About Feminist Networks and the Conjuncture
The contemporary conjuncture has been marked by continual struggles for gendered liberation - for education and equal pay, for an inclusive media, against violence, and by movements like Ni Una Menõs and #MeToo. Media and communications have played a formative role within this conjuncture, from suppressing reporters and the free press to the now horrifically normalized abuse that women, people of color, trans people and other marginalized groups receive on social media. In this podcast, we ask: what is happening to feminism within this conjuncture? Feminist media and communication scholars discuss a range of feminist issues, from #MeToo to campus sexual violence to care networks to misogynoir and more.
About the host
Sarah Banet-Weiser
Sarah Banet-Weiser is a joint Annenberg Professor at the Annenberg School for Communication at the University of Pennsylvania and the Annenberg School for Communication and Journalism at the University of Southern California. She writes and teaches on a range of issues, including feminist theory, race and the media, youth culture, popular and consumer culture, and citizenship and national identity. Her published writing includes 4 books, 3 co-edited anthologies, and dozens of peer-reviewed articles, book chapters, and reviews, including Kids Rule! Nickelodeon and Consumer Citizenship; Authentic™: The Politics of Ambivalence in a Brand Culture (winner of ICA’s 2013 Outstanding Book Award), and Empowered: Popular Feminism and Popular Misogyny. She is the co-editor of Commodity Activism: Cultural Resistance in Neoliberal Times, and Racism Post-Race, among others.
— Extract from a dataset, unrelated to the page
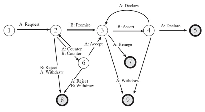 As a specific extension to the notion of speech acts, mentioned in Unit 8.1, Winograd and Flores developed a framework for the structure of requests and promises.

She was the editor of the flagship journal of the American Studies Association, American Quarterly, the co-editor of the International Communication Association, Communication, Culture, Critique; and the founding co-editor of the first Communication book series at New York University Press, Critical Cultural Communication Studies. She is an elected ICA Fellow, and is currently the founder and director of the Annenberg Center for Collaborative Communication. Her latest book, Believability, co-authored with Kathryn Higgins, focuses on media and sexual violence and will be published in early 2023.